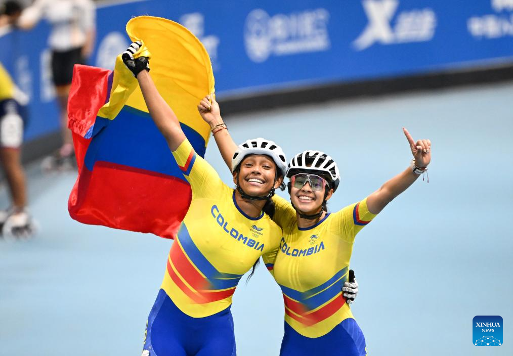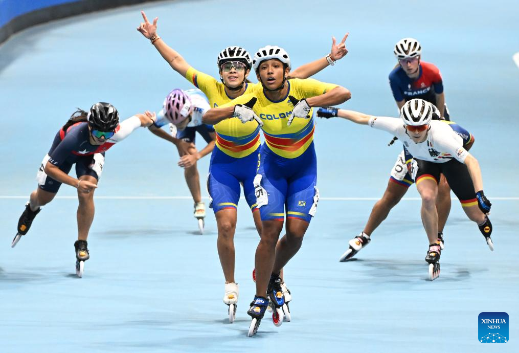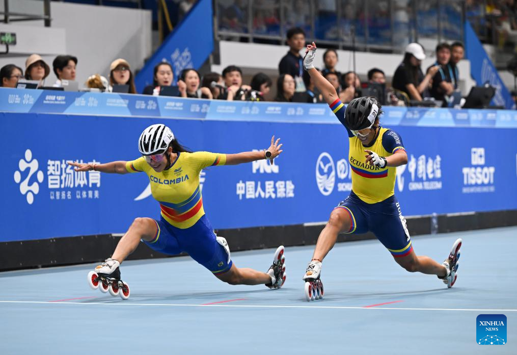 CHENGDU, 15 agosto, 2025 (Xinhua) -- Gabriela Rueda (i), de Colombia, y Gabriela Vargas Sarmiento, de Ecuador, cruzan la línea de meta al término de la final de la carrera de eliminación femenina de 10000 m de patinaje de velocidad en línea en pista, en los Juegos Mundiales 2025, en Chengdu, en la provincia de Sichuan, en el suroeste de China, el 15 de agosto de 2025. (Xinhua/Zhang Bowen)
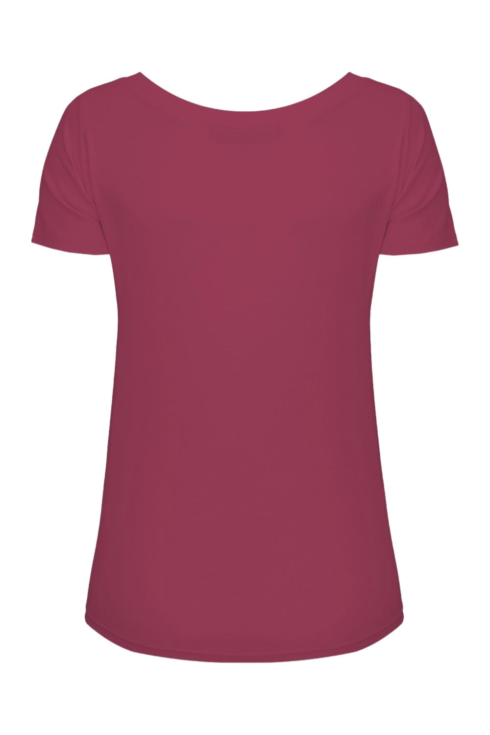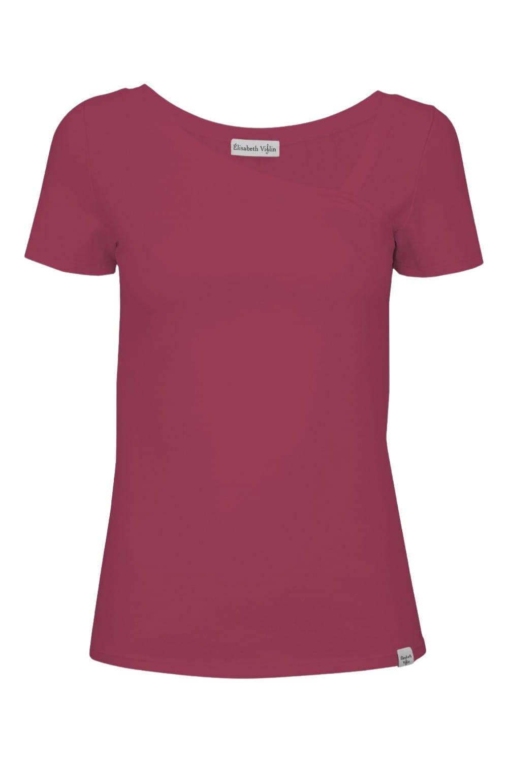 FLORA - Beaujolais - bawełniana taliowana bluzka z asymetrycznym dekoltem i klasycznymi krótkimi rękawami
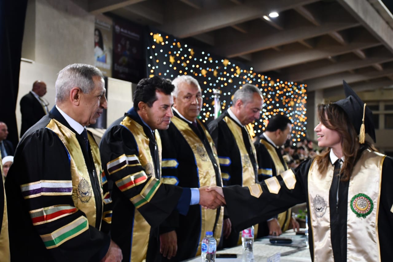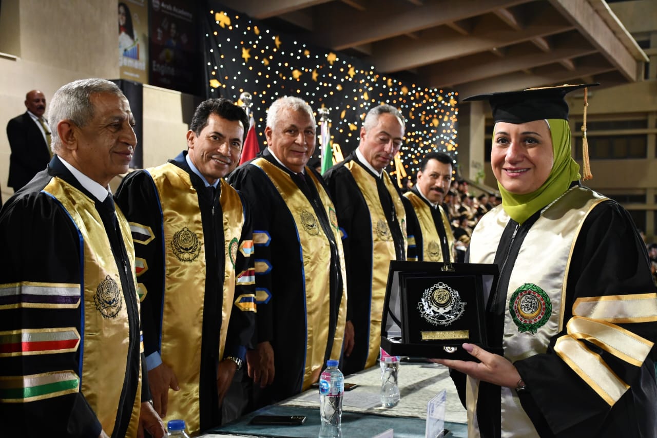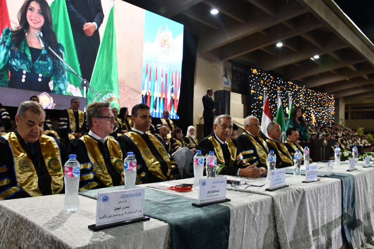 وواصل"عبد الغفار " نحتفل اليوم بتخريج وتكريم 420 خريجاً وخريجة من مصر والمملكة العربية السعودية والسودان وليبيا واليمن ممن حصلوا على شهاداتهم في الدكتوراه والماجستير المهني في إدارة الأعمال بالتعاون مع جامعة  Marywood بالولايات المتحدة الامريكية.
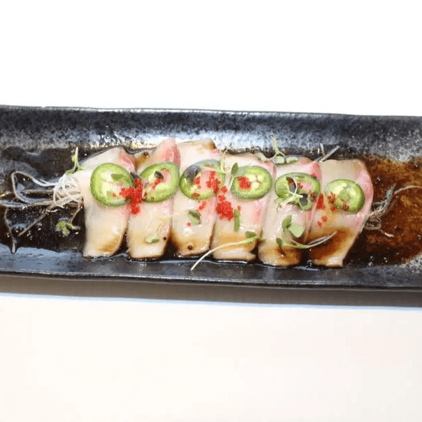 Thinly sliced yellowtail with jalapenos, scallions and masago, with chef's yuzu wasabi sauce
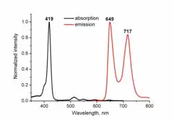 Tetraphenylporphyrin has a strong absorption band with maximum at 419 nm (so called Soret band) and four weak bands with maxima at 515, 550, 593 and 649 nm (so called Q-bands). It shows red fluorescence with maxima at 649 and 717 nm. The quantum yield is 11%.[11] Soret red shifts for Zn(TTP)-Donor systems relative to the Soret band at 416.2 nm for Zn(TTP) in cyclohexane have been measured.[9]
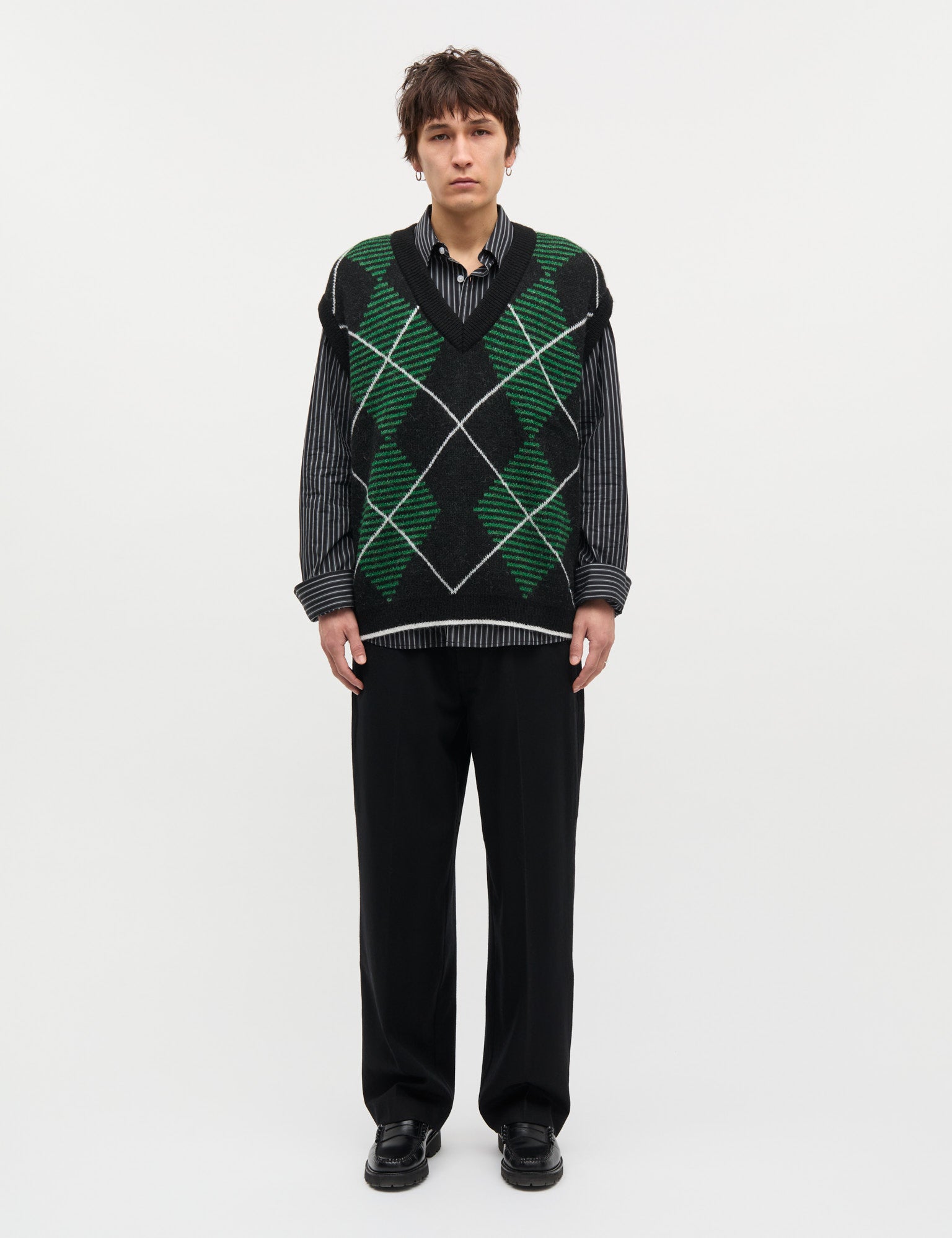 Weiche und boxy geschnittene Strickweste mit Harlekin-Karomuster, Streifen, V-Ausschnitt und Rippbündchen.
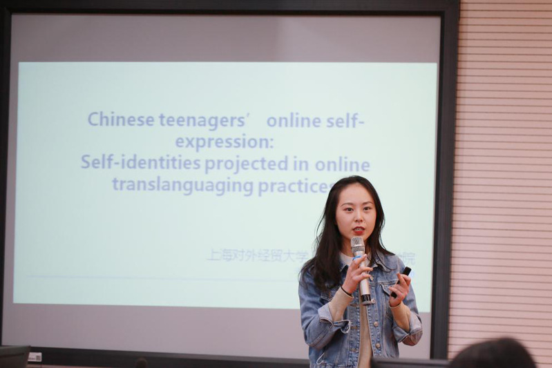 第三场报告我院青年教师张罗铭博士分为师生们介绍了中国青少年在网络超语(translanguage)行为中的自我认同。张罗铭博士利用微信平台,跟踪收集了高中生朋友圈的语言图片及其他形式的表达。通过数据分析,张博士发现,相比在现实生活中比较羞于使用英语表达,中国青少年在网络环境中有更高的表达欲望和更好语言创造性,中国青少年在网络环境下有更高的自我身份认同。此外,研究对二语教学也带来启发:可以将信息技术应用于二语学习和教学当中,促进学生学习语言的热情,这与吴朋教授和蔡雨阳教授的研究也十分契合。

_Task directions_
Produce an exact copy of only those lines that run from the line with "FLORA - Beaujolais" to the final line of the records, including both; exclude images.

_Exercise output_
 FLORA - Beaujolais - bawełniana taliowana bluzka z asymetrycznym dekoltem i klasycznymi krótkimi rękawami
 وواصل"عبد الغفار " نحتفل اليوم بتخريج وتكريم 420 خريجاً وخريجة من مصر والمملكة العربية السعودية والسودان وليبيا واليمن ممن حصلوا على شهاداتهم في الدكتوراه والماجستير المهني في إدارة الأعمال بالتعاون مع جامعة  Marywood بالولايات المتحدة الامريكية.
 Thinly sliced yellowtail with jalapenos, scallions and masago, with chef's yuzu wasabi sauce
 Tetraphenylporphyrin has a strong absorption band with maximum at 419 nm (so called Soret band) and four weak bands with maxima at 515, 550, 593 and 649 nm (so called Q-bands). It shows red fluorescence with maxima at 649 and 717 nm. The quantum yield is 11%.[11] Soret red shifts for Zn(TTP)-Donor systems relative to the Soret band at 416.2 nm for Zn(TTP) in cyclohexane have been measured.[9]
 Weiche und boxy geschnittene Strickweste mit Harlekin-Karomuster, Streifen, V-Ausschnitt und Rippbündchen.
 第三场报告我院青年教师张罗铭博士分为师生们介绍了中国青少年在网络超语(translanguage)行为中的自我认同。张罗铭博士利用微信平台,跟踪收集了高中生朋友圈的语言图片及其他形式的表达。通过数据分析,张博士发现,相比在现实生活中比较羞于使用英语表达,中国青少年在网络环境中有更高的表达欲望和更好语言创造性,中国青少年在网络环境下有更高的自我身份认同。此外,研究对二语教学也带来启发:可以将信息技术应用于二语学习和教学当中,促进学生学习语言的热情,这与吴朋教授和蔡雨阳教授的研究也十分契合。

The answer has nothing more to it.